● TO DO
What is needed is an exact copy of every entry below, with the pictures left out.

··· RECORDS PROVIDED ···

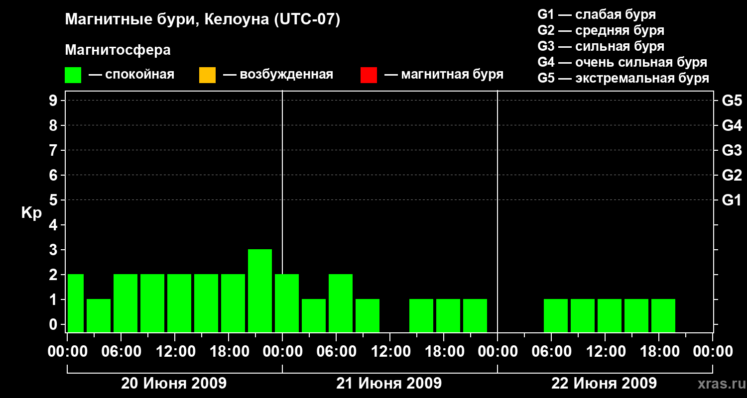Магнитные бури в Келоуне — 22 июня 2009 года
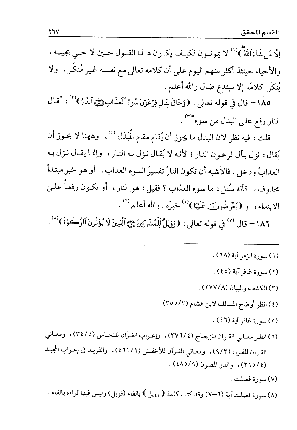 185 - قال في قوله تعالى: {وَحَاقَ بِآلِ فِرْعَوْنَ سُوءُ الْعَذَابِ (45) النَّارُ}: " قال النار رفع على البدل من سوء ".
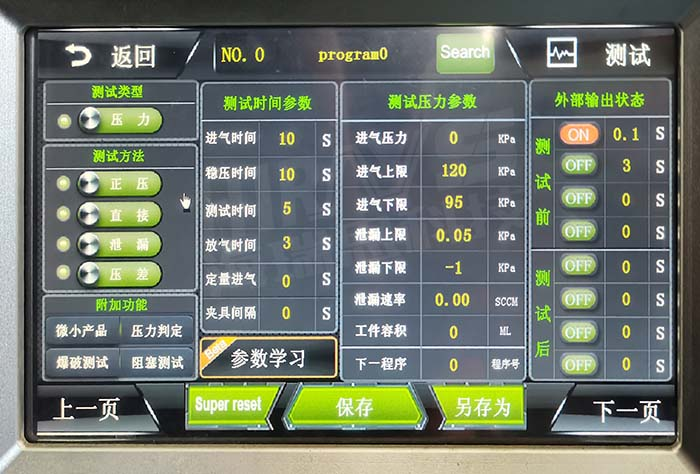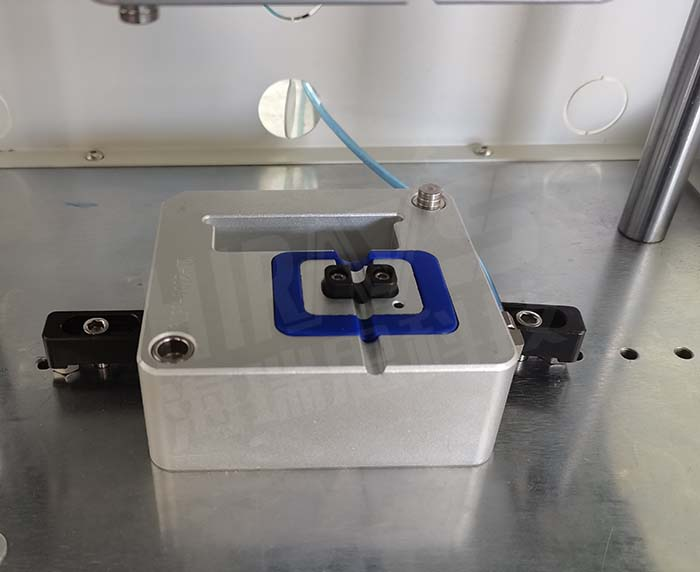 解决方案:采用直接测试方法,根据测试产品的结构设计模具用于封堵穿线孔部位。将产品放入模具中按下启动键后上模下压与下模闭合代密封穿线孔与线接触的部位进行测试。测试压力110KPA,充气时间10S,稳压10S,测试时间5S,仪器通过监测气压变化来检测产品的密封情况,并根据测试的参数对测试结果判定OK或NG。
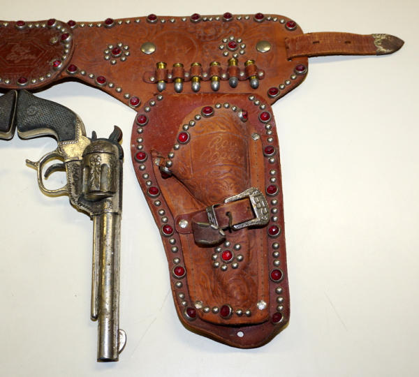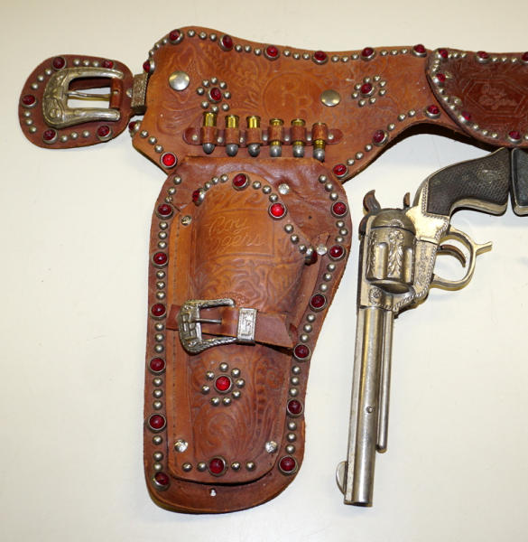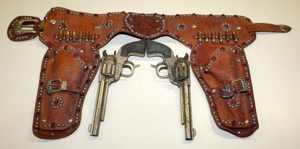10" guns, one gun works, one does not and has some corrosion, very fancy holster is nice with some normal wear, sells as a set
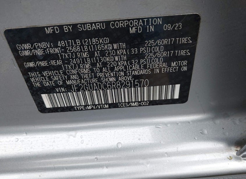 - Название лота: 2024 Subaru Crosstrek 2.0L

···

● ANSWER TO THIS PROBLEM
Магнитные бури в Келоуне — 22 июня 2009 года
 185 - قال في قوله تعالى: {وَحَاقَ بِآلِ فِرْعَوْنَ سُوءُ الْعَذَابِ (45) النَّارُ}: " قال النار رفع على البدل من سوء ".
 解决方案:采用直接测试方法,根据测试产品的结构设计模具用于封堵穿线孔部位。将产品放入模具中按下启动键后上模下压与下模闭合代密封穿线孔与线接触的部位进行测试。测试压力110KPA,充气时间10S,稳压10S,测试时间5S,仪器通过监测气压变化来检测产品的密封情况,并根据测试的参数对测试结果判定OK或NG。
10" guns, one gun works, one does not and has some corrosion, very fancy holster is nice with some normal wear, sells as a set
 - Название лота: 2024 Subaru Crosstrek 2.0L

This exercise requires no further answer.